Raul wrote:
> This?
> 
>   v 'J double-entrende’

That’s neat, but I prefer the “sneakiest” solution I can find.  

Put another way: the most implicit expression, where the notation does most of 
the work for me, and I provide the smallest number of possible explicit 
instructions; the new conjunction you introduced in this message can be used 
for some really cute expressions, but they’re detected easily. 

Or maybe “detected easily” is framing it the wrong way. It’s more like I prefer 
*not having to say it at all*. For a long while, I took this philosophy to the 
extreme, and used what I called the “fish hook”, where I’d write (f~ g)~ (see 
the two fins?) instead of (g@[ f ]) just to avoid using the primitives [ and ], 
which felt too much like explicit arguments to me. 

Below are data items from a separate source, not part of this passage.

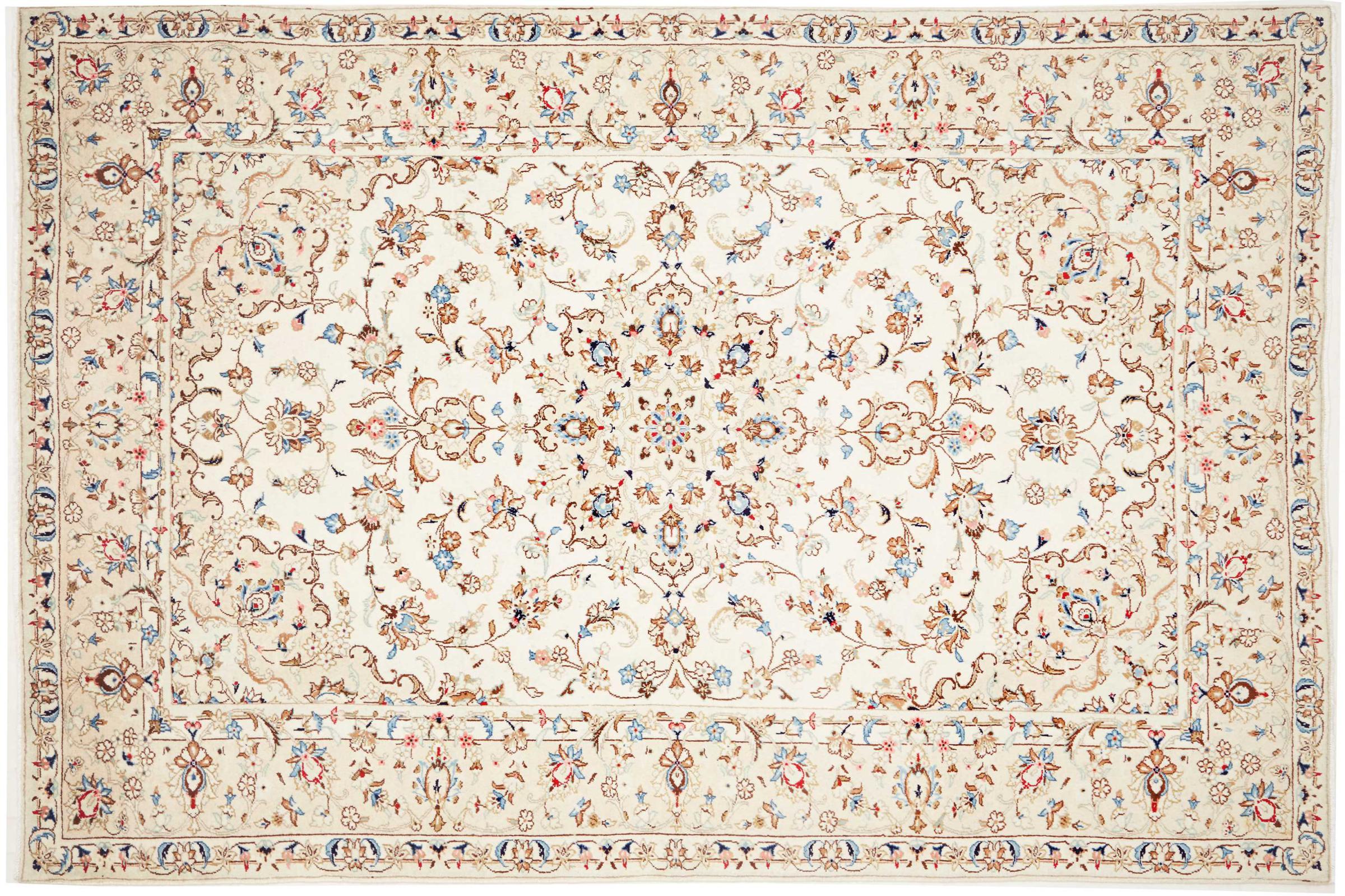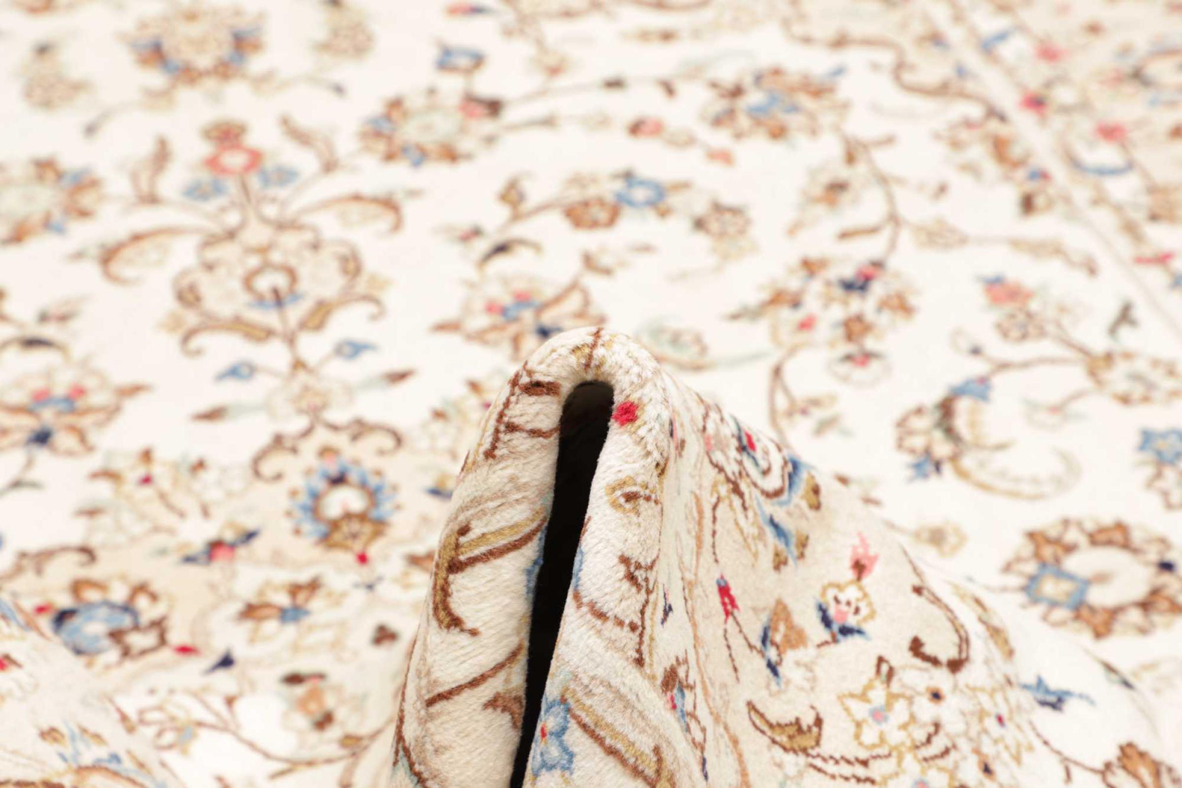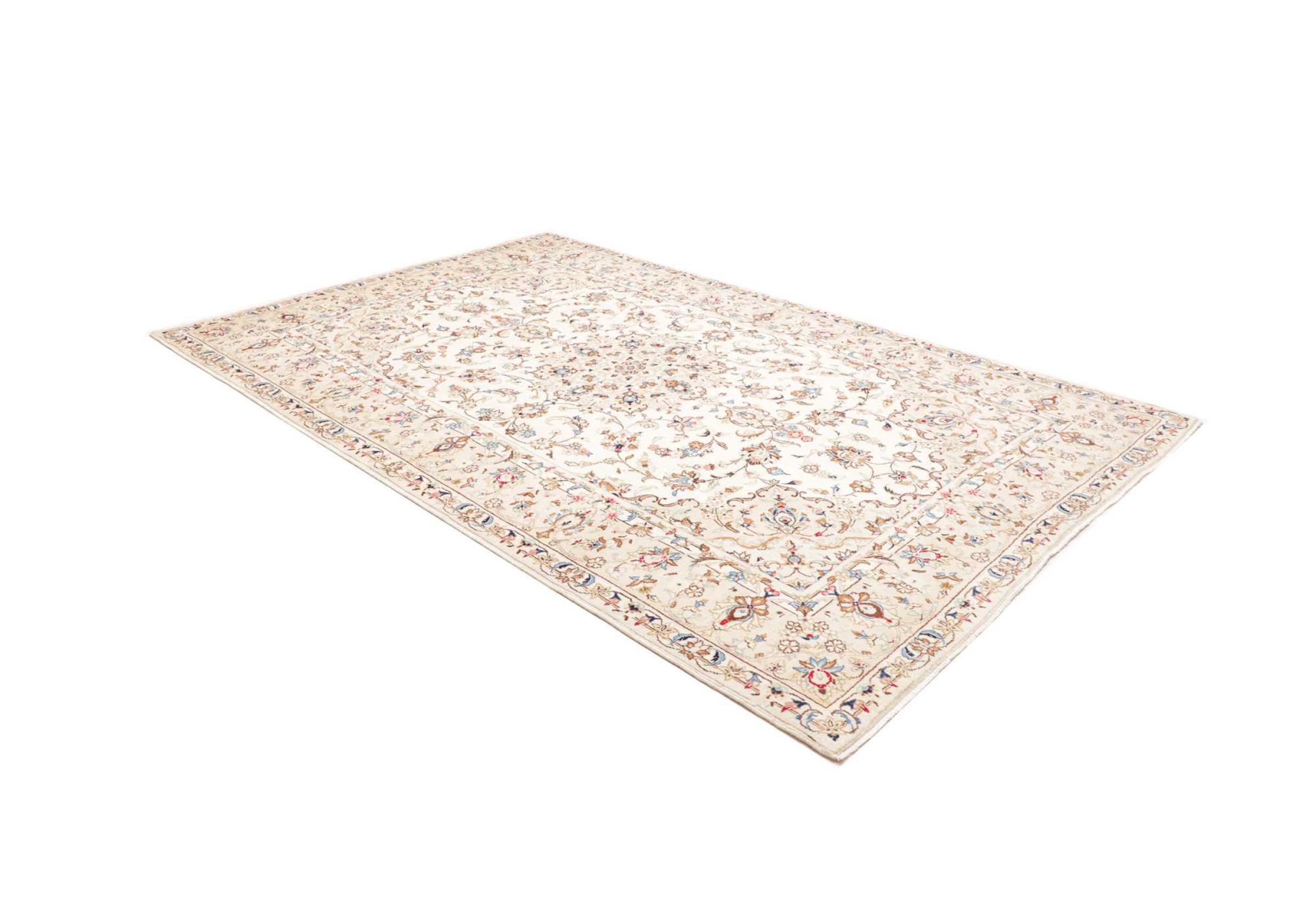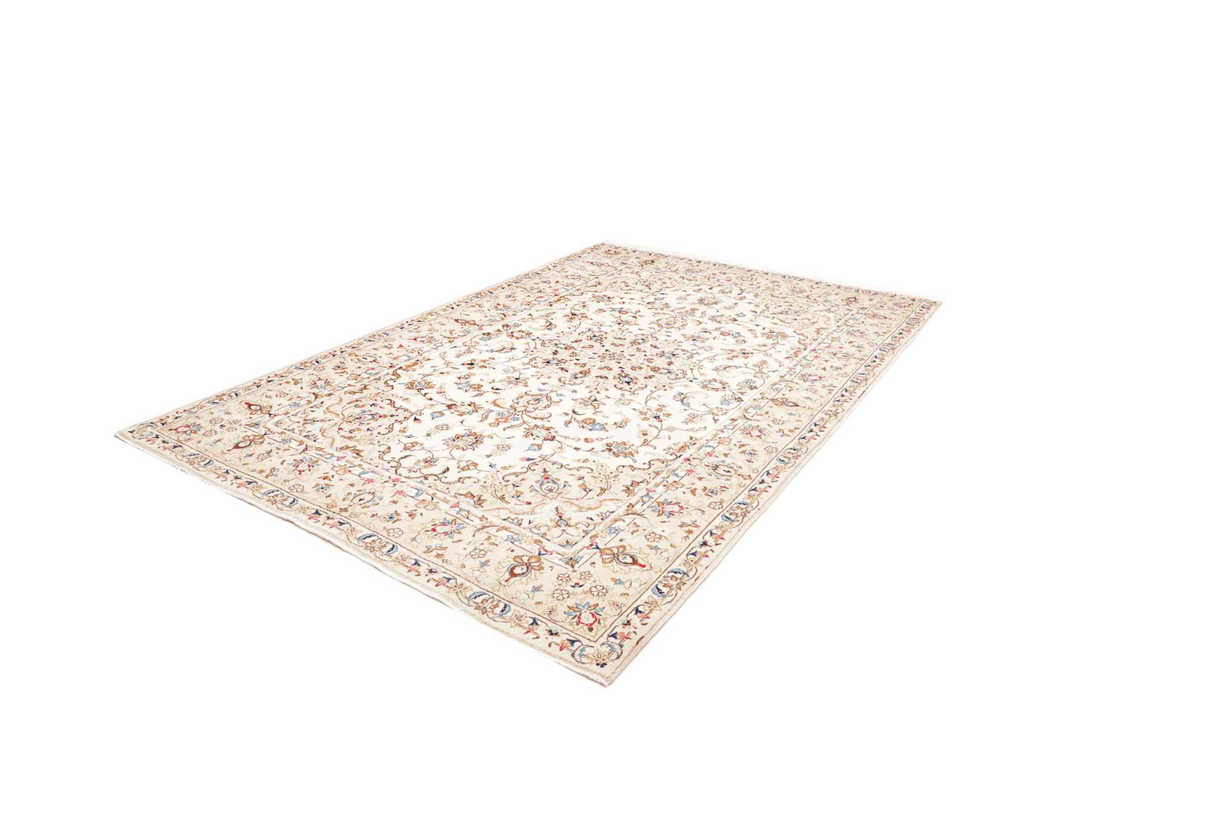 This carpet from Kashan (Keshan) is held in its very traditional and typical Persian design with beautiful ornaments. Kashan rugs are highly popular due to their exceptionally elegant design. These carpets originate from Kashan, a city on the ancient Silk Road. This carpet has been knotted by hand from high grade sheep wool and is going to be an one-of-a-kind highlight in your home.
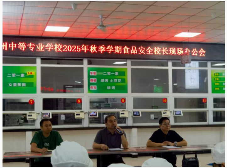 9 月 17 日,学校在食堂一楼召开食品安全校长现场办公会,围绕 “保障安全、提升质量,切实做好后勤保障工作” 主题,通过实地检查与现场会议相结合的形式,全面排查后勤服务隐患,部署整改提升任务。党委副书记、校长贾相成、分管副校长向珏、后勤保障科成员、食堂和超市全体员工参加会议,会议由向珏主持。
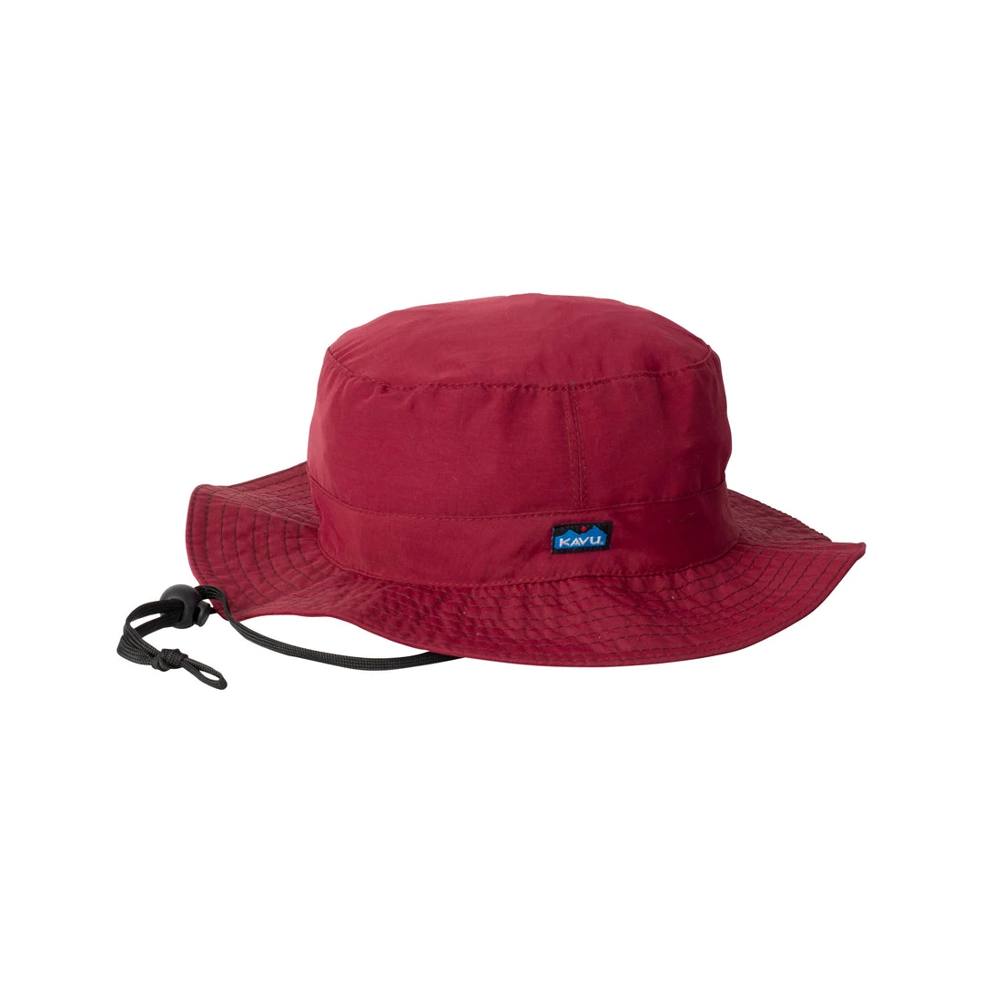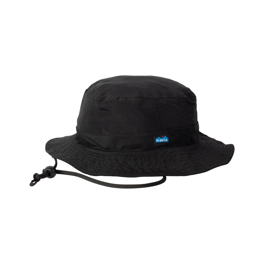 The lightweight KAVU Synthetic Strap Bucket sun hat is ready for all your summer adventures. The elastic headband wicks away sweat and other moisture, and the draw cord chinstrap with toggle lock keeps it as snug as you want. The 2” brim is just the right size to keep the sun out of your eyes without getting in the way of your pack. Yeehaw!
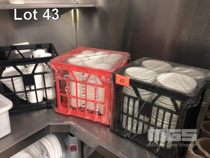 LARGE QUANTITY WHITE TEA/COFFEE CUPS & SAUCERS, APPROX 120 x SAUCERS & 80 x CUPS
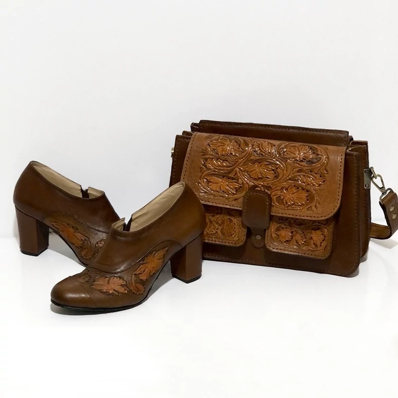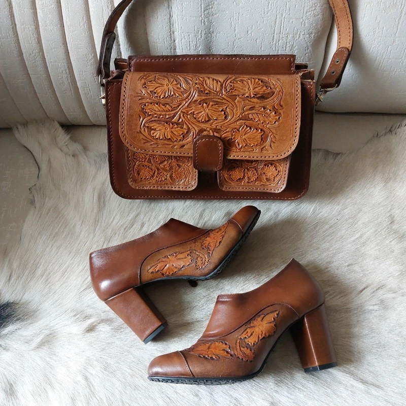 کیف و کفش قلم زنی زنانه با چرم طبیعی دست دوز و دارای قلم زنی روی چرم خام دارای جدا کننده زیپ روی کیف و ۲ عدد جیب کوچک و ۲ عدد جیب بزرگ میباشد
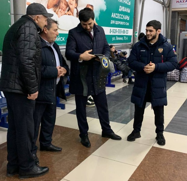 И.о. главы Буйнакского района Уллубий Ханмурзаев встретил в аэропорту чемпиона России по греко-римской борьбе Динислама Бамматова.
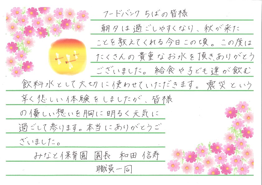 福島の保育園からお礼状をいただきました 活動報告 2012年09月11日 先日、お水をお届けした福島市のみなと保育園より、すてきなお礼状をいただきました。 ありがとうございました。 フードバンクちば 食品ロス 貧困問題 食料支援 生活困窮者支援[0回]PR
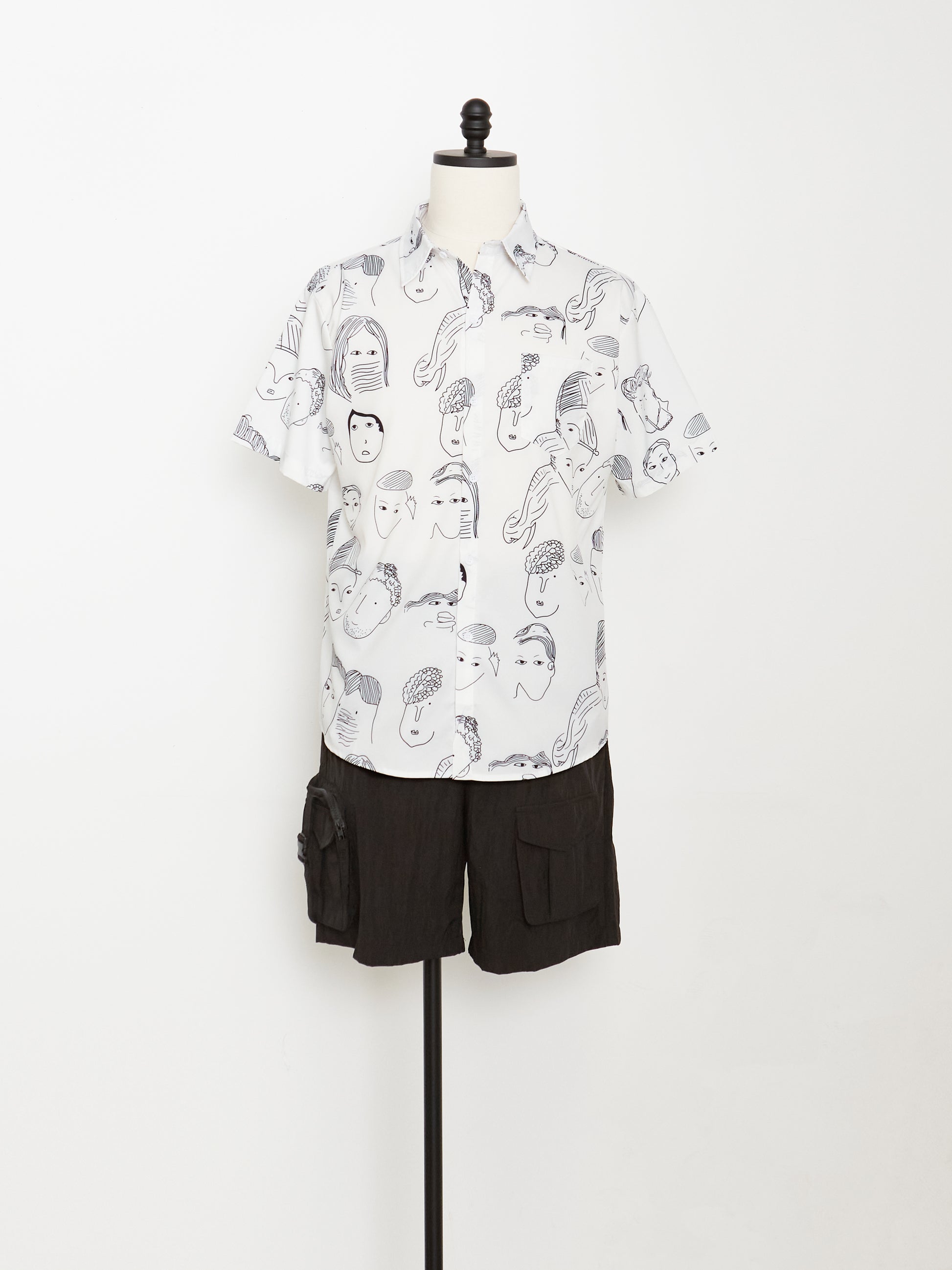 Crafted from polyester for a light finish in blue, this regular fit shirt features a unique human drawing for a laid-back but stylish style. The shirt collar with white stitch and white button elevate this style.
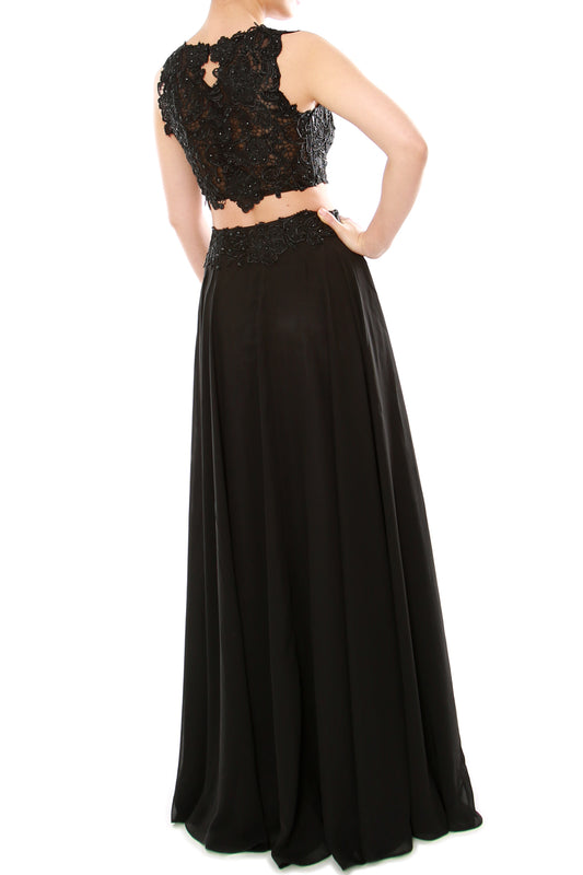 MACloth Vestido largo de encaje de dos piezas con cuello redondo para mujer para fiesta de graduación y regreso a casa Vestido de noche para gala

I preferred, at the time, for the arguments simply to “fall into the right 
place”, automatically. Kinda like when you’d do some stupid trick as a kid and 
shout “Look ma, no hands!”.

This isn’t exactly declarative programming, per se, but it shares some of the 
same motivations that stimulated that practice as a separate discipline from 
imperative programming. I’ve made the analogy to place-value notation for 
numbers as opposed to prior notations (e.g. Roman numerals) before, and I think 
it’s apt.

That said, it’s possible to take things too far, in the sense that ultimately 
the costs outweigh the (relevant) benefits, and I’ve been guilty of that as 
well.

Anyway, another hint towards what I was talking about:

   http://www.jsoftware.com/pipermail/general/2004-April/017052.html 
<http://www.jsoftware.com/pipermail/general/2004-April/017052.html>

I guess I’ll take your original and see if I can re-phrase it along these lines.